◆ Information provided:
***

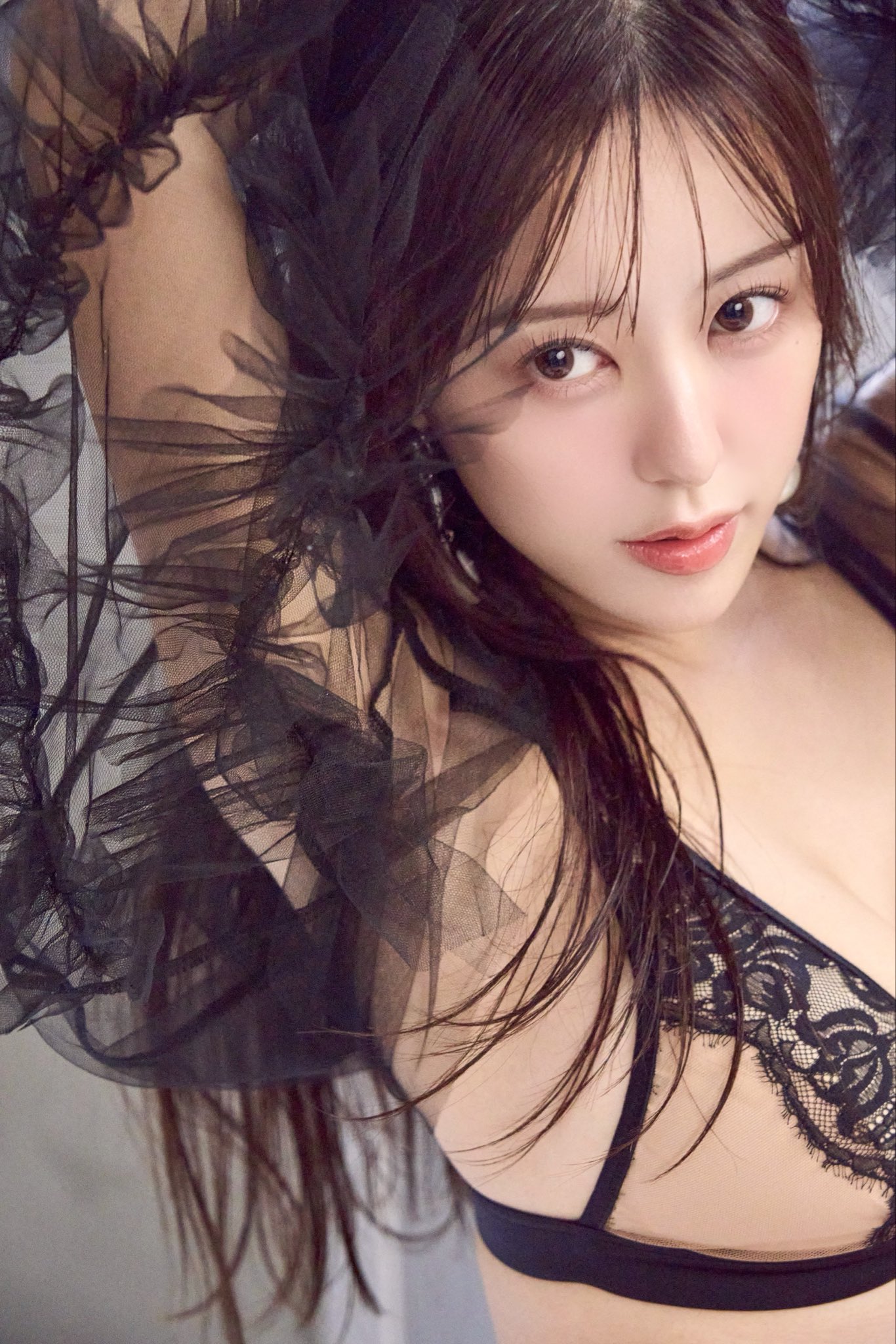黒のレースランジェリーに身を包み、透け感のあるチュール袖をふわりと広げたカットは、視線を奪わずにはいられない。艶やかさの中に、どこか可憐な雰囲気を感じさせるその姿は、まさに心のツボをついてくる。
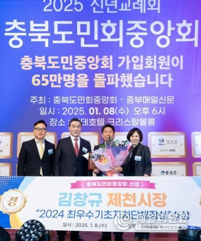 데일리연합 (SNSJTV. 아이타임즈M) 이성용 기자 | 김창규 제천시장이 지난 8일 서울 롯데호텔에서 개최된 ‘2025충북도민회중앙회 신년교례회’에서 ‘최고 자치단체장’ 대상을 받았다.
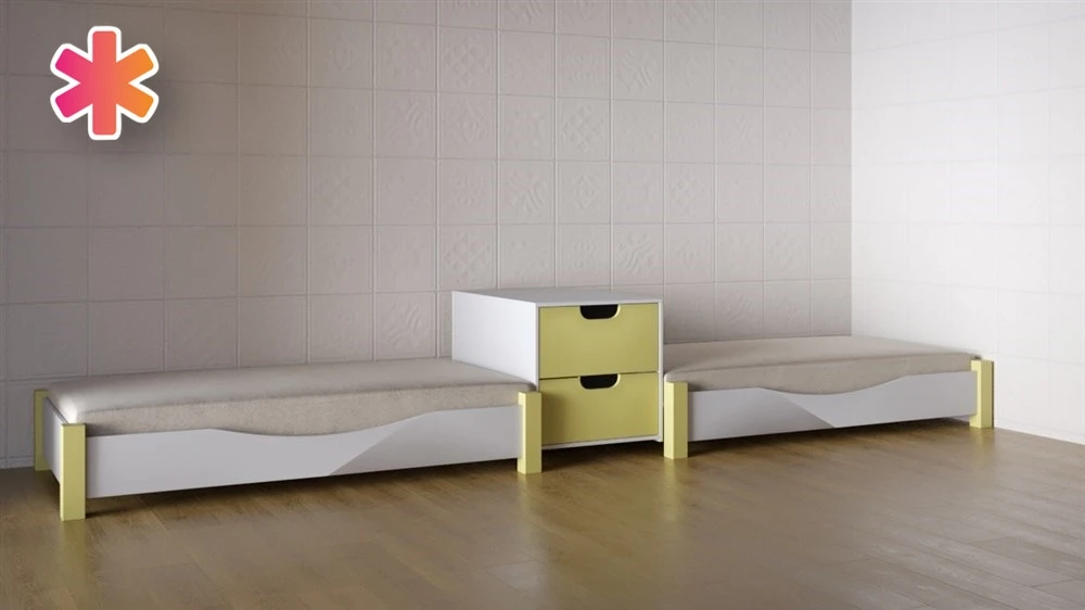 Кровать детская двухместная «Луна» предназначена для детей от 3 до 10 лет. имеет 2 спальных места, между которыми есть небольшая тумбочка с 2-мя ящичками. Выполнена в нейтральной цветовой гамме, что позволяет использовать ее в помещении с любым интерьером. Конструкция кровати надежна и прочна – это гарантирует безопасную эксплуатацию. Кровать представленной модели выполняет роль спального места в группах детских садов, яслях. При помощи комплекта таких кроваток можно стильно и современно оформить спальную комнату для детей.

***

◆ Activity: Nothing but the lines from the line with "데일리연합 (SNSJTV. 아이타임즈M)" through the last line of the listing should be copied, exactly and with both ends kept. Leave pictures out.

◆ Reply to the task:
 데일리연합 (SNSJTV. 아이타임즈M) 이성용 기자 | 김창규 제천시장이 지난 8일 서울 롯데호텔에서 개최된 ‘2025충북도민회중앙회 신년교례회’에서 ‘최고 자치단체장’ 대상을 받았다.
 Кровать детская двухместная «Луна» предназначена для детей от 3 до 10 лет. имеет 2 спальных места, между которыми есть небольшая тумбочка с 2-мя ящичками. Выполнена в нейтральной цветовой гамме, что позволяет использовать ее в помещении с любым интерьером. Конструкция кровати надежна и прочна – это гарантирует безопасную эксплуатацию. Кровать представленной модели выполняет роль спального места в группах детских садов, яслях. При помощи комплекта таких кроваток можно стильно и современно оформить спальную комнату для детей.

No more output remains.